Itu pertama kalinya saya sadar bahwa tidak hanya seksisme, tapi perempuan juga menghadapi ageism alias diskriminasi usia, dalam kehidupan sehari-hari. Saat menjadi pencari kerja, saya juga sering melihat rentang usia yang tertera di lowongan pekerjaan bersama dengan sederet kualifikasi lain. Ini sebenarnya merupakan salah satu bentuk diskriminasi usia karena perusahaan menginginkan kinerja maksimal dan menganggap hanya dimiliki oleh usia tertentu.
Diskriminasi usia ini sesungguhnya menghalangi perkembangan karier perempuan.

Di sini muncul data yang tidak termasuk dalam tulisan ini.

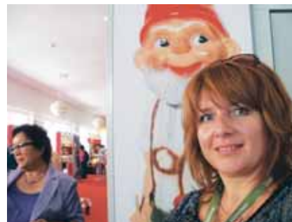
Na výstave učebníc nemčiny
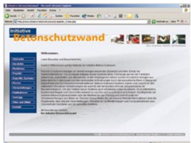
Bild 2: Interessenten finden auf der Website Informationen über Hersteller, Systeme, Richtlinien und aktuelle Veranstaltungen zum Thema Betonschutzwand
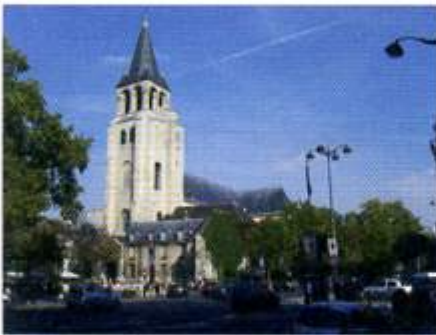
◀ サン・ジェルマン・デ・プレ教会 (l'église Saint-Germain-des-Prés)

ソルボンヌ (la Sorbonne) を中心に北はサン・ジェルマン・デ・プレ (Saint-Germain-des-Prés) から南はリュクサンブール公園 (le jardin du Luxembourg) まで広がる地域。La Sorbonne は、現在ではパリ第1大学、パリ第3大学およびパリ第4大学がその名を引き継いでいるが、その由来は、13世紀に Robert de Sorbon によって、ここに神学生のための寄宿学校が創設されたことにある。当時はもっぱらラテン語によって授業が行われていたことから、この地域は現在でも le Quartier latin と呼ばれている。

Siapa pun tidak berhak dikucilkan dan dianggap tidak memiliki performa yang baik hanya karena dilihat dari usia yang jelas tidak mencerminkan kemampuan dalam melakukan pekerjaan.
Tindakan diskriminatif ini menyebabkan individu merasa tidak dihargai, kehilangan kepercayaan diri, dan memengaruhi kinerja di masa depan. Padahal, semua insan memiliki hak untuk memenuhi kebutuhan hidup dengan bekerja.

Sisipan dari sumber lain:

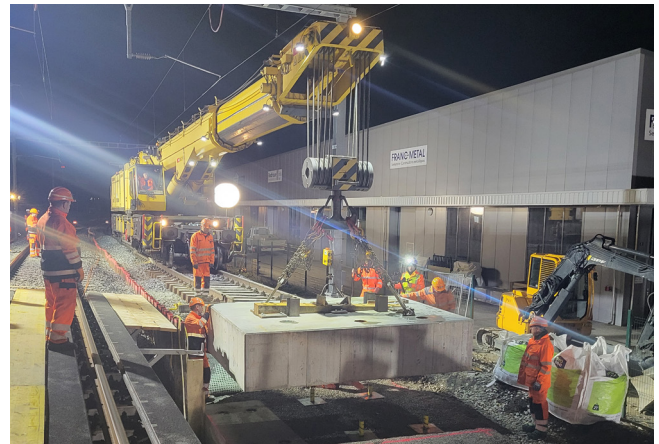
Mise en place des appuis pour les ponts provisoires

Baca Juga: Perempuan Pekerja Penyandang Disabilitas Hadapi Hambatan Berlapis
Di Indonesia, diskriminasi di tempat kerja diatur dalam UU No. 21 Tahun 1999 yang merujuk pada Konvensi ILO No. 111 Mengenai Diskriminasi Dalam Hal Pekerjaan dan Jabatan. Dalam konvensi tersebut, disebutkan bahwa istilah diskriminasi meliputi ras, warna kulit, jenis kelamin, agama, keyakinan politik, kebangsaan atau asal-usul sosial yang berakibat meniadakan atau mengurangi persamaan kesempatan atau perlakuan dalam pekerjaan atau jabatan.
UU tersebut yang dapat digunakan oleh perempuan untuk bernegosiasi dengan perusahaan apabila dikeluarkan karena alasan ageism.

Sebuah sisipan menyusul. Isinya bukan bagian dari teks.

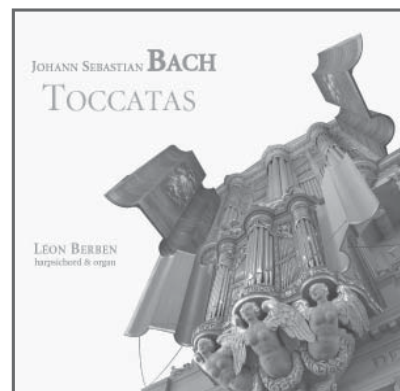
Johann Sebastian Bach Toccatas RAM 0903

Ageism Merupakan Salah Satu Bentuk Seksisme
Jika mengacu pada penelitian yang dilakukan oleh David Neumark, Ian Burn, dan Patrick Button di Amerika Serikat, diskriminasi usia pada perempuan salah satunya disebabkan karena pandangan bahwa penampilan fisik perempuan adalah faktor paling penting, dan usia dianggap mengurangi penampilan fisiknya. Para peneliti dari National Bureau of Economic Research Massachusetts itu juga memaparkan bahwa hukum terkait diskriminasi usia kurang ditekankan untuk melindungi perempuan yang usianya lebih tua.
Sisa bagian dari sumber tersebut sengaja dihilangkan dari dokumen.